As mentioned above, there is a delay between when a sample is collected and when it is available to a formula. This must be considered when you use the GetSample method. See GetSamplePercent below. |
GetSamplePeriod() | Returns the period of samples that were taken in a historical sample data set. |
Count() | Returns the total number of samples in the metric history. |
HistoryBeginTime() | Returns the time stamp of the oldest available data sample for the metric. |
GetSamplePercent() | Returns the percentage of samples that are available for a given time interval. For example: doubleVec GetSamplePercent( (timestamp | timeinterval) startTime [, (timestamp | timeinterval) endTime] ) Because the GetSample method fails if the percentage of samples returned is less than the samplePercent specified, you can use the GetSamplePercent method to check first. Then you can perform an alternate action if insufficient samples are present, without halting the automatic scaling evaluation. |
The core operation of an autoscale formula is to obtain task and resource metric data and then adjust pool size based on that data. As such, it is important to have a clear understanding of how autoscale formulas interact with metrics data, or "samples."
Samples
The Batch service periodically takes samples of task and resource metrics and makes them available to your autoscale formulas. These samples are recorded every 30 seconds by the Batch service. However, there is typically some latency that causes a delay between when those samples were recorded and when they are made available to (and can be read by) your autoscale formulas. Additionally, due to various factors such as network or other infrastructure issues, samples may not have been recorded for a particular interval. This results in "missing" samples.
Sample percentage
When samplePercent
is passed to the GetSample()
method or the GetSamplePercent()
method is called, "percent" refers to a comparison between the total possible number of samples that are recorded by the Batch service and the number of samples that are actually available to your autoscale formula.

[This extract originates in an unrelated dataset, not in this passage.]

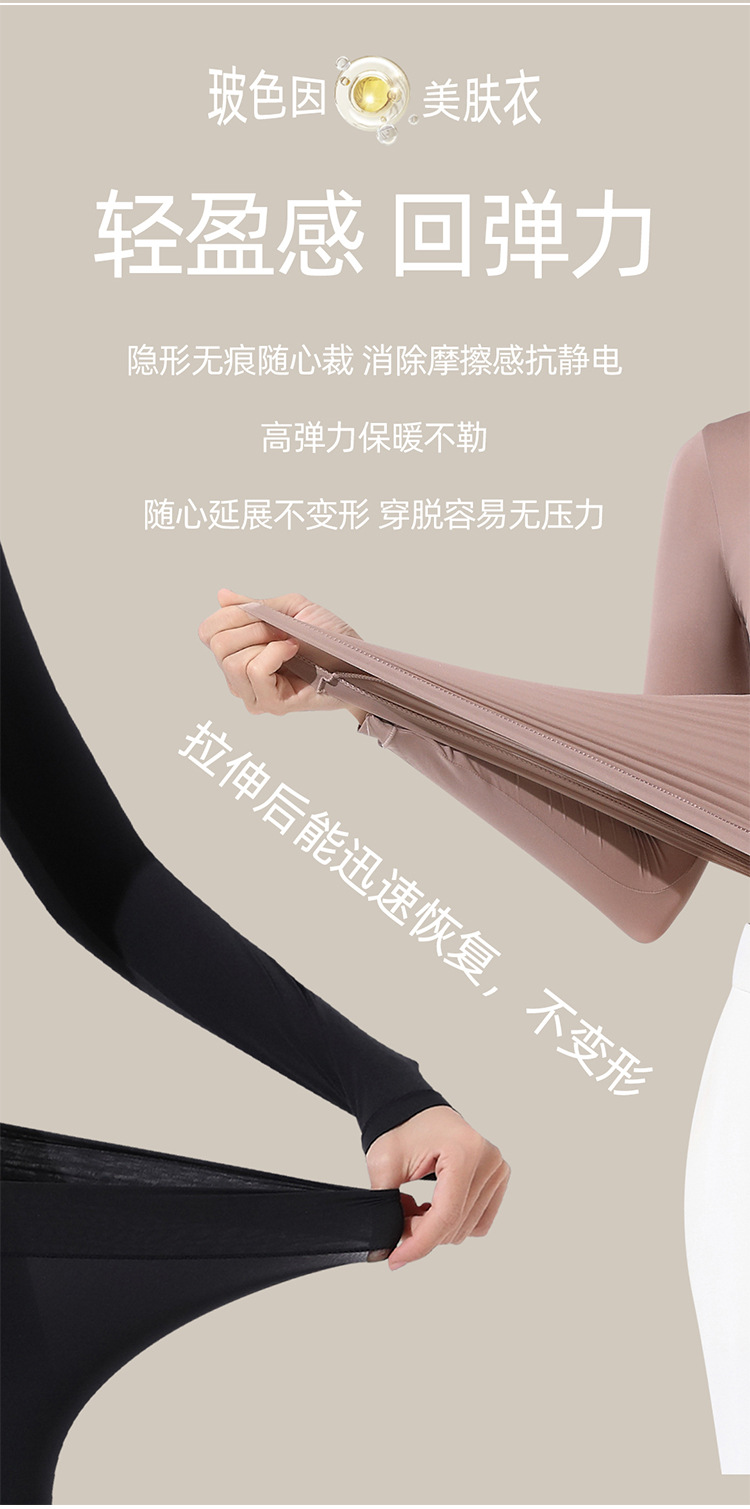 22100堆堆领高领玻尿酸美肤衣套装高弹长袖无痕保暖内衣女打底衫

Let's look at a 10-minute timespan as an example. Because samples are recorded every 30 seconds, within a 10 minute timespan, the maximum total number of samples that are recorded by Batch would be 20 samples (2 per minute). However, due to the inherent latency of the reporting mechanism or some other issue within the Azure infrastructure, there may be only 15 samples that are available to your autoscale formula for reading. This means that, for that 10-minute period, only 75 percent of the total number of samples recorded are actually available to your formula.
GetSample() and sample ranges
Your autoscale formulas are going to be growing and shrinking your pools--adding nodes or removing nodes. Because nodes cost you money, you want to ensure that your formulas use an intelligent method of analysis that is based on sufficient data. Therefore, we recommend that you use a trending-type analysis in your formulas. This type will grow and shrink your pools based on a range of collected samples.

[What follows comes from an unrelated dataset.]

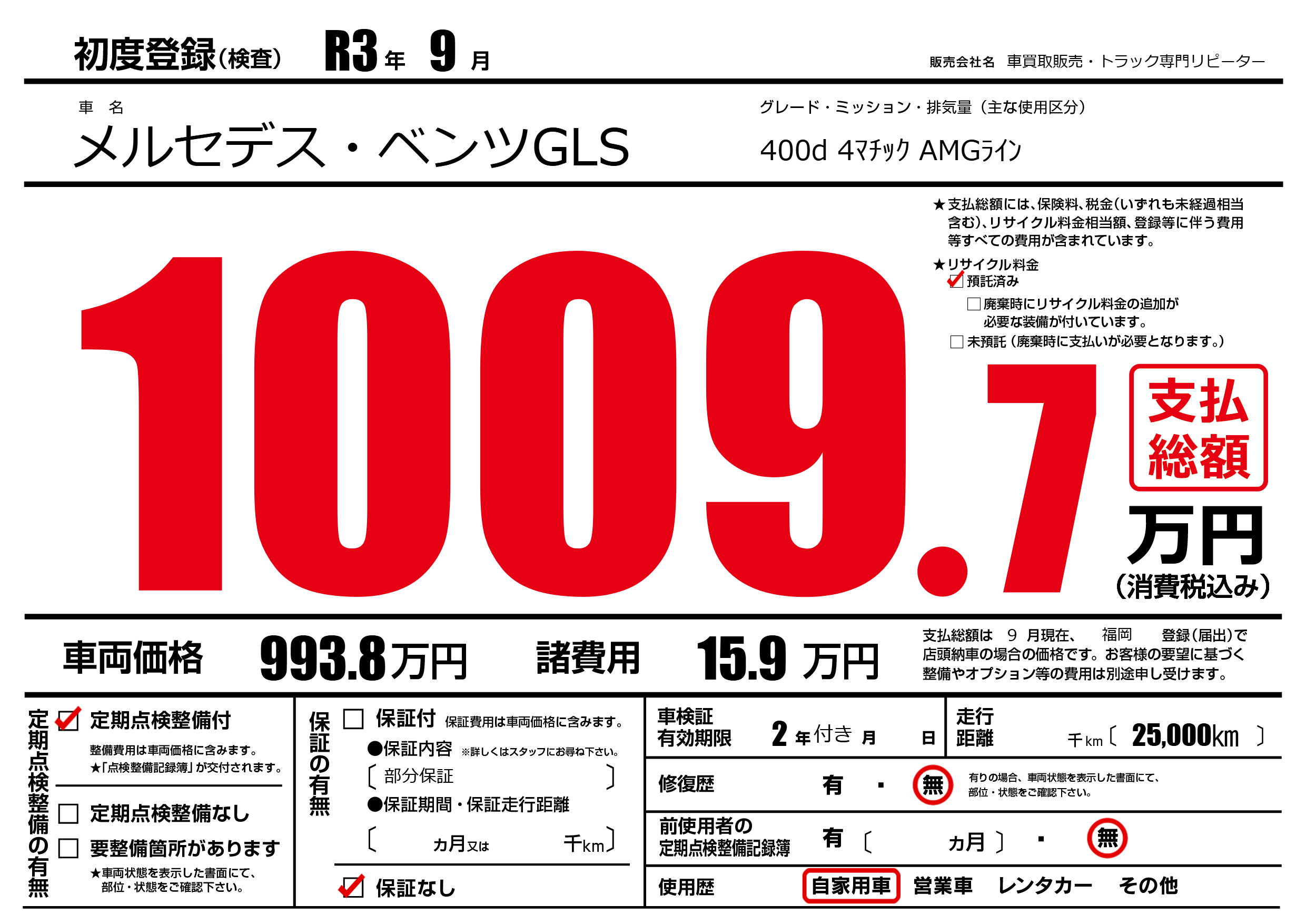 | 車名 | メルセデス・ベンツGLS | グレード ミッション 排気量 |

To do so, use GetSample(interval look-back start, interval look-back end)
to return a vector of samples:
runningTasksSample = $RunningTasks.GetSample(1 * TimeInterval_Minute, 6 * TimeInterval_Minute);
When the above line is evaluated by Batch, it will return a range of samples as a vector of values. For example:
runningTasksSample=[1,1,1,1,1,1,1,1,1,1];
Once you've collected the vector of samples, you can then use functions like min()
, max()
, and avg()
to derive meaningful values from the collected range.

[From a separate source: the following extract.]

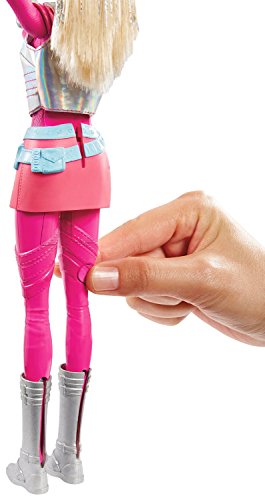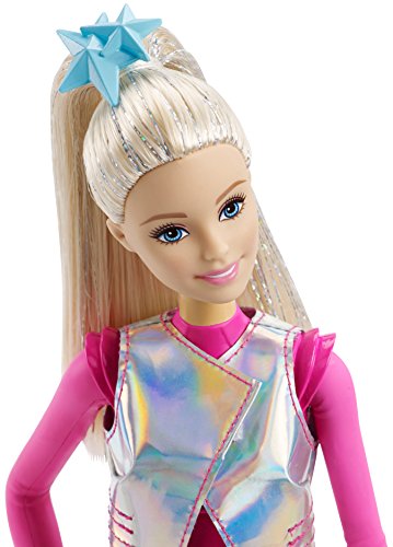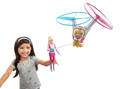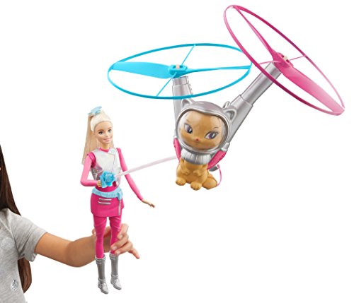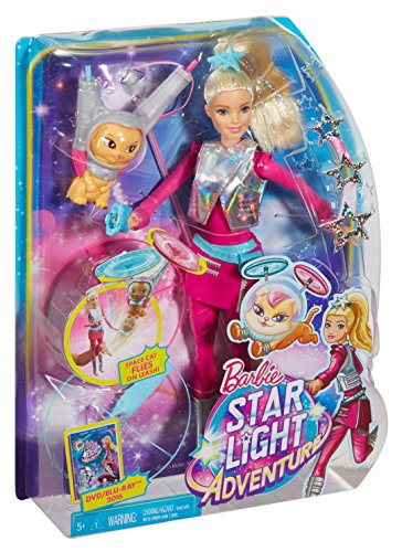 Based on the space fantasy movie Barbie Star Light Adventure, galaxy Barbie doll and her flying cat take storytelling out of this world! Join them and travel through a galaxy of sparkling stars and colorful characters. Recreate the exciting action of these two companions, who embark on an adventure throughout the galaxy -- training, traveling and saving the universe together. Barbie doll's cat really flies to mimic the high-flying fun! Attach the cat's leash to Barbie doll's hand, and push the button on Barbie doll's leg to spin the propellers on her cat. Watch the adorable animal lift into the air and begin to hover, raising the possibilities for excitement and storytelling! The star of the movie, Barbie doll, is ready for action in her signature pink molded jumpsuit. A shiny holographic vest, pink plastic skirt (with cool zipper details), blue utility belt and silvery boots are fashion-forward accessories. Silver streaks and a blue star hair clip atop her ponytail complete her look. Her cute cat matches with a silvery helmet (non-removable) and two pink-hued propellers. Recreate favorite scenes from the movie or let your imagination soar! Galaxy Barbie doll and her flying cat are ready to lift off into fun. Collect all of the dolls and accessories from Barbie Star Light Adventure to expand the storytelling possibilities to the ends of the universe (each sold separately, subject to availability). Includes Barbie doll wearing fashions and accessories and her flying cat with non-removable helmet and leash. Doll cannot stand alone. Colors and decorations may vary.Feature

For additional security, you can force a formula evaluation to fail if less than a certain sample percentage is available for a particular time period. When you force a formula evaluation to fail, you instruct Batch to cease further evaluation of the formula if the specified percentage of samples is not available--and no change to pool size will be made. To specify a required percentage of samples for the evaluation to succeed, specify it as the third parameter to GetSample()
. Here, a requirement of 75 percent of samples is specified:
runningTasksSample = $RunningTasks.GetSample(60 * TimeInterval_Second, 120 * TimeInterval_Second, 75);
It is also important, due to the previously mentioned delay in sample availability, to always specify a time range with a look-back start time that is older than one minute. This is because it takes approximately one minute for samples to propagate through the system, so samples in the range (0 * TimeInterval_Second, 60 * TimeInterval_Second)
will often not be available. Again, you can use the percentage parameter of GetSample()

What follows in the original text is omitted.